Speaking of which – the authors initially mention MR-MEGA in the introduction but do not discuss it any further or include it in their comparisons. Given that the MR-MEGA paper demonstrates improved finemapping over PAINTOR in their paper, I assume the rationale for its exclusion for comparative performance analyses is due to its limiting assumption regarding number of underlying causal variants?

How would the authors additionally integrate functional annotation into their fine-mapping method, similar to PAINTOR?

It may be useful to quickly mention in “Parameter setting in practice” the relevance of 5.2 as a Z-score in relation to the traditional genome-wide significance criterion (i.e., the corresponding p under two-sided Wald test would be ~5-e08). Similarly - I’m not finding any clear justification for MsCAVIAR’s default value of tau2 = 0.52 – I assume the connection lies with just taking forcing a mean/variance relationship in effect heterogeneity for Z-scores at the genome-wide significance threshold?

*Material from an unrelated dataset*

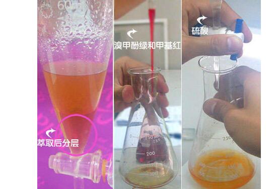 4,以三氯甲烷為萃取劑,為指示劑,用標準硫酸溶液直接滴定尼古丁的方法(操作及顏色變化見圖4)。

Equation 10. It’s kind of confusing to use T to denote both the number of studies as well as the transpose operator. Similarly, later in the methods n is used to denote the number of studies, but also the number of subjects within a study. And then again it seems that ‘m’ is used to index study in “Extending MsCAVIAR to different sample sizes”. Some care should be used in maintaining consistent notation.

It’s not immediately clear how the computational cost scales with respect to number of included studies. Given the single study setting is O(k^3 ) plus some O(mk^2) – do we replace k with (k*n) to get the computational costs, where n = # of studies? Thus, is # of studies a similarly strong limiting factor in computational burden as k, which would potentially motivate the population-wise study aggregation study mentioned above?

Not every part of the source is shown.